Replacing Copper With Pencil Graphite
Late-Eight writes "A key discovery at Rensselaer Polytechnic Institute could help advance the role of graphene as a possible heir to copper and silicon in nanoelectronics. Researchers believe graphene's extremely efficient conductive properties can be exploited for use in nanoelectronics. Graphene, a one-atom-thick sheet of carbon, eluded scientists for years but was finally made in the laboratory in 2004 with the help of everyday, store-bought transparent tape. The current research, which shows a way to control the conductivity of graphene, is an important first step towards mass producing metallic graphene that could one day replace copper as the primary interconnect material on nearly all computer chips." Researchers are now hot to pursue graphene for this purpose over the previous favorite candidate, buckytubes (which are just rolled-up graphene). Farther down the road, semiconducting graphene might take over from silicon at the heart of logic chips.
This will work just fine until someone decides to clean the conductors at their card's edge with an eraser.
Oh, say does that Star-Spangled Banner entwine / The myrtle of Venus with Bacchus's vine?
Buckytubes (which are just rolled-up graphene) are also known as Nanotubes, have conductivities of almost 1000 WKM (watts per meter kelvin) Graphene sheets should also have similar conductivities. I expect it would also be quite strong under tension.
This will allow for much more efficient cooling of electronics, even more then Silicon on Diamond technology that is just starting to come out.

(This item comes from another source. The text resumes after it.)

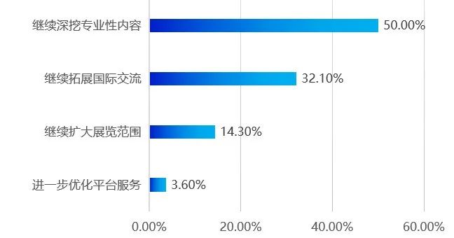約50%的受訪者期待全印展可以繼續深挖專業性內容,約32.1%的受訪者希望全印展進一步拓展國際交流。展出內容是展會核心,貿易對接是平臺功能價值體現,全印展也將從各方面繼續優化平臺。
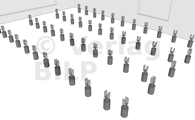 Der Einbau der Unterzugbalken beginnt mit der Abdichtung der verstellbaren Stützenfüsse vario in den noch frischen Beton.

I am always doing that which I can not do, in order that I may learn how to do it. - Pablo Picasso
I had an atari 800 xl years ago (circa 1980s). A friend had spilled milk on the keyboard and a number of keys stopped responding.
My 'solution' involved opening up the keyboard and retracing the mylar sheet connections with a pencil. It worked great -- but I needed to crack it open every few weeks and retrace it.
It's amazing what you can accomplish when you are fairly clever and poor.
Seeing as buckytubes have enormous conductivity, and are strong under tension, graphene should act similar, providing a far better replacement for silicon and copper. I do not think that the transition will come soon, but this is a great innovation and ahead of its time. I personally think that buckytubes should be looked into in greater detail before attempting graphene.
I doubt I'd do anything more than pencil this in for somewhere 5 years... no make that 7 years... no, we've really almost perfected it this time...
I am not an expert. If I am misled in something, please correct me.
I sort of like seeing the once-a-week news story about how some meth-head electrocuted himself in the process of stealing copper wire to sell for scrap. I'd hate to see the demand for copper go down!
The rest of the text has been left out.